Antes de la llegada de los españoles, la dieta de las culturas prehispánicas se
basaba ampliamente en platillos de maíz con chiles y hierbas, usualmente
complementados con frijoles, jitomates o nopales. También incluían vainilla,
tomatillos, aguacate, guayaba, papaya, sapote, mamey, piña, jícama, calabaza,
papa dulce, cacahuates, achiote, huitlacoche, pavo y pescados. Para la segunda
década del siglo XVI, la invasión española también significó la llegada de unas
grandes variedades de animales, como el ganado, gallinas, cabras, ovejas y
cerdos. Y no solo eso, pues también llegó el arroz, el trigo, la avena, el aceite de
oliva, el vino, almendras, perejil y muchas especias que se fusionaron con la
cultura y, eventualmente, se convirtieron en parte de la cocina indígena.

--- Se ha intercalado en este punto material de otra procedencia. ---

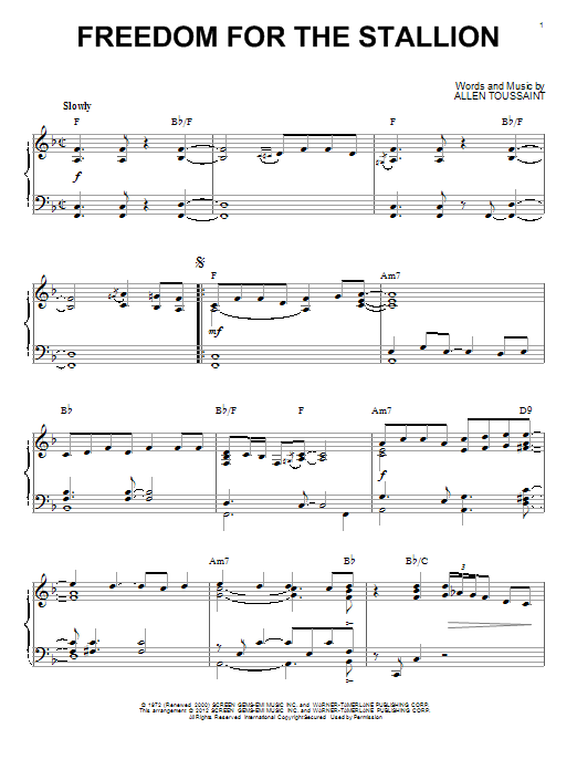 Download or print Allen Toussaint Freedom For The Stallion (arr. Brent Edstrom) sheet music, chords and digital score arranged for Piano Solo. This Jazz score includes 3 page(s).

Sin embargo, no debemos confundir esto como una fusión completa, pues los
españoles no alteraron la comida mexicana, sino que trajeron ingredientes que
sólo exponenciaron su potencial. La cocina mexicana que se desarrolló a través
de este intercambio es compleja y una de las razones por las que es una de las
más grandes cocinas de todo el mundo.
Díaz describe la alimentación tan rica que podía ser fácil abandonar por ella hasta
sacrificios rituales. También había cacao y en grandes cantidades. Había pasteles,
como Díaz los llamaba, hechos de maíz y “eran traídos en platos cubiertos con
servilletas limpias.” Descibre los pasteles de maíz como hechos con huevos y
otros ingredientes.
Utilizaban el metate, una herramienta hecha con piedra volcánica que se usaba
como una piedra de moler o el molcajete, que era más pequeño y que se utilizaba
como el mortero para moler y machacar ingredientes en un molcajete que podía
ser de piedra, madera, cerámica o mármol.